We Don't Really Need To Live In Our Own Individual TRUMAN SHOWS...
and EVERYTHING does NOT need to be turned into "content"!
For the first 125 years of the movie business, cultural relevancy was something that you couldn’t program for; you could only occasionally get lucky and fall into it. Back then, EVERYONE knew it took too long to develop the material — not to mention to also produce and market it — to actually think you could aim for the zeitgeist. The gulf between thought and expression was wider than anyone’s egos spanned, or at least production and release schedules helped keep the narcism a wee bit in check.
But those days are now dead. Dead dead dead. Just add water and yesterday’s news is now tomorrow’s content. Zeitgeist is now spelled c-u-r-r-e-n-t and has the simple taste of recent vintage. The sparkle and fizzle have sizzled away. Every scandal, every headline, every business, everything we experience ends up on a screen seemingly with a year of its initial occurrence. You may only live once, but you get to experience it over and over until you can’t tell whether you lived it or watched it — because you did both, and in quick succession too. We are all now each inside of our own private The Truman Show. No fun.
Don’t get me wrong.
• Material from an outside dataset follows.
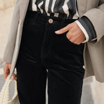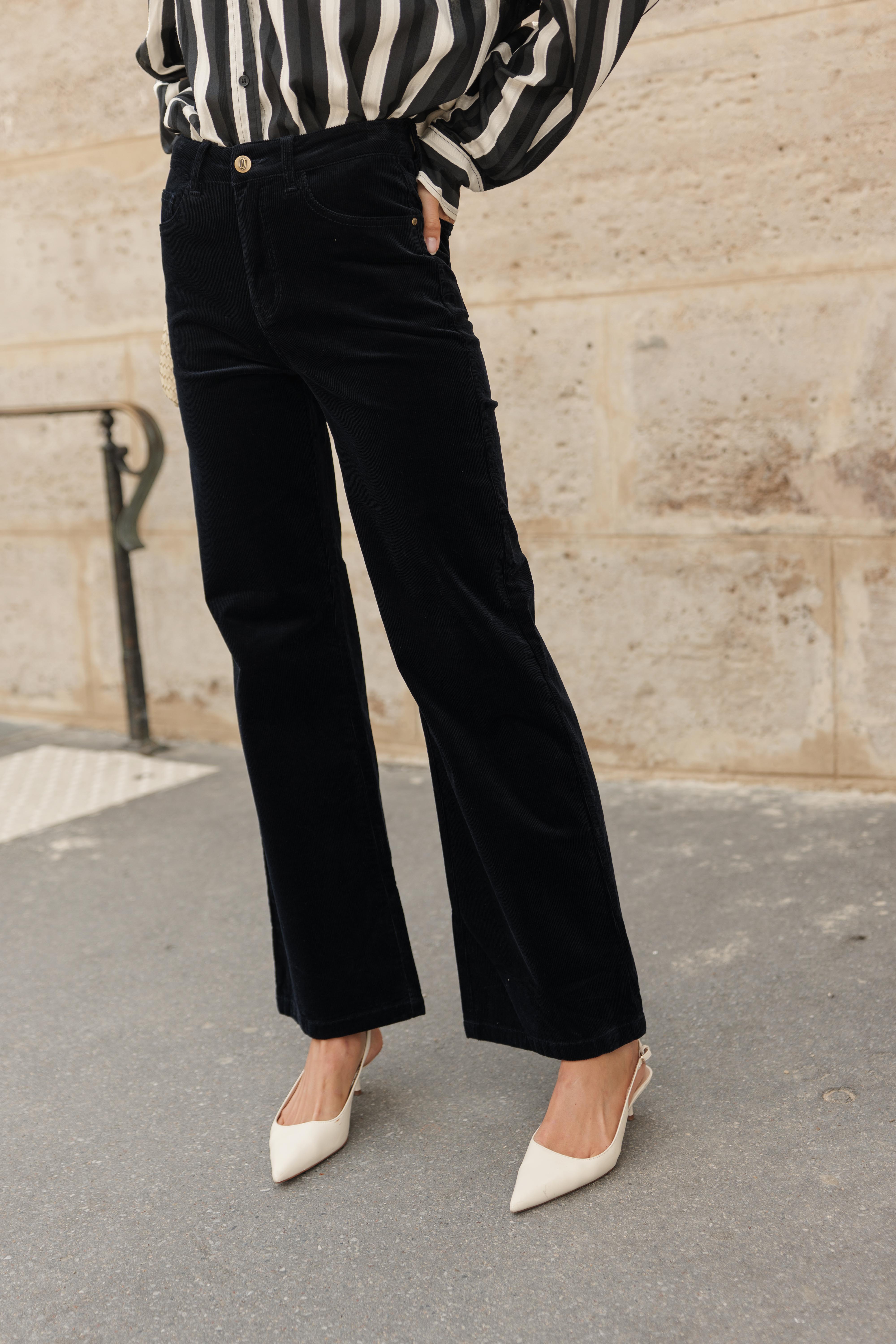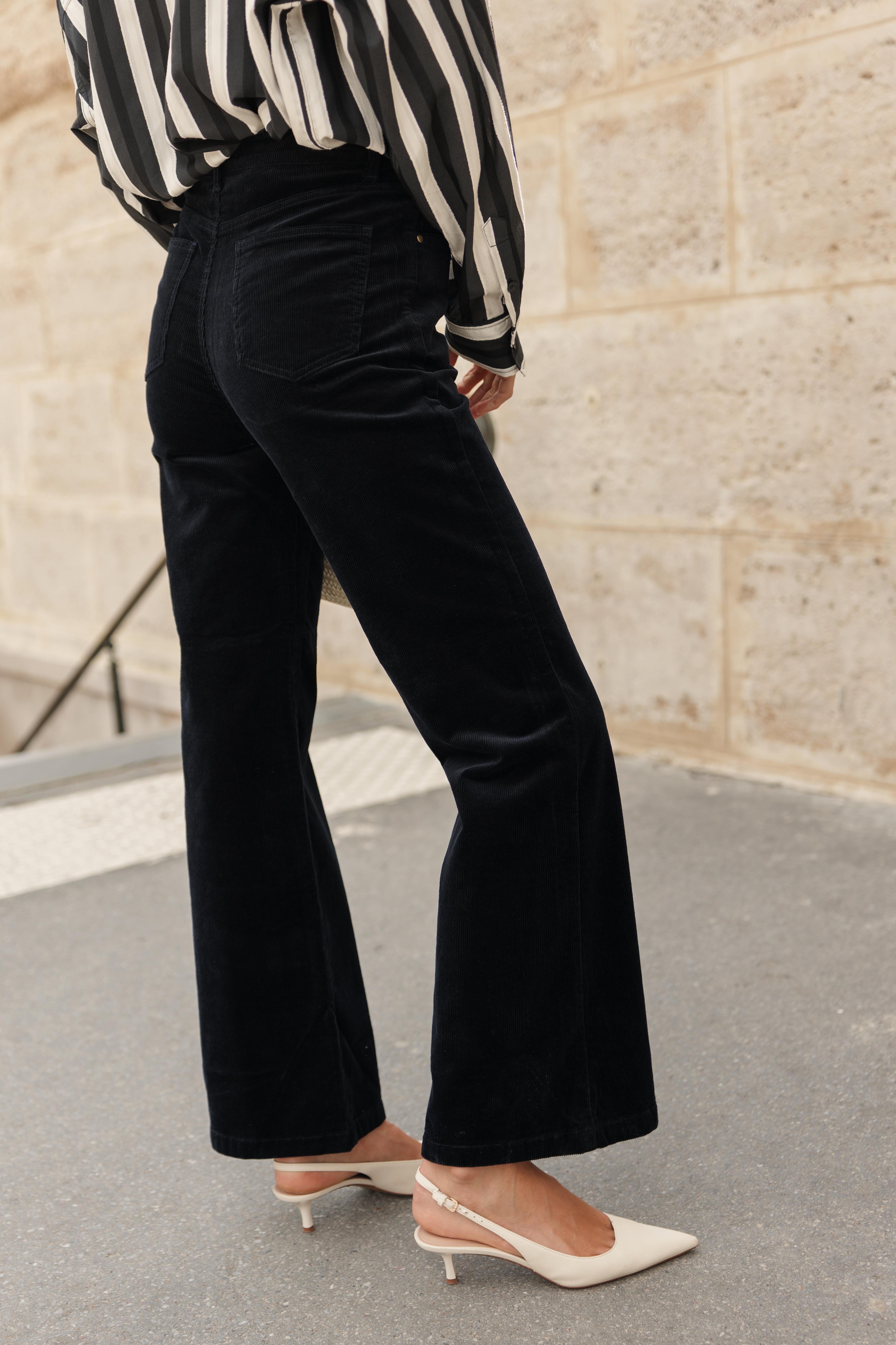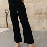 The Ava pants are wide-cut velvet pants, meaning they will be flared from the hips to the bottom of the leg.
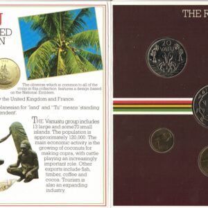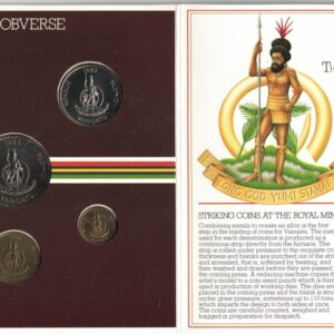 The Obverse features The arms of Vanuatu featuring a Melanesian warrior standing in front of a curved boar’s tooth above a scroll reading “LONG GOD YUMI STANAP”.

It could be worse.
Back when projects took five years or more to develop, greenlights were determined on the past success of the director, stars, and genre. Such practices worked as walls to keep the underrepresented from entering the castle of creation regardless of what side of the camera they aspired to. “Comps” for the most part were a barrier to entry. Instead, favoring cultural relevancy invites a wide range of perspectives to enter the conversation.
Yet, let’s not confuse the need to have diverse stories, stars, creators and executives, with the notion that everything that ever was, deserves their own fresh take. Our creative output should continually be raising the bar in terms of whether it actually elevates or alters the cultural (or social or political) conversation in some intriguing way, and is not just stuffing the pipes with more of the same crap. But we keep picking door #2 instead.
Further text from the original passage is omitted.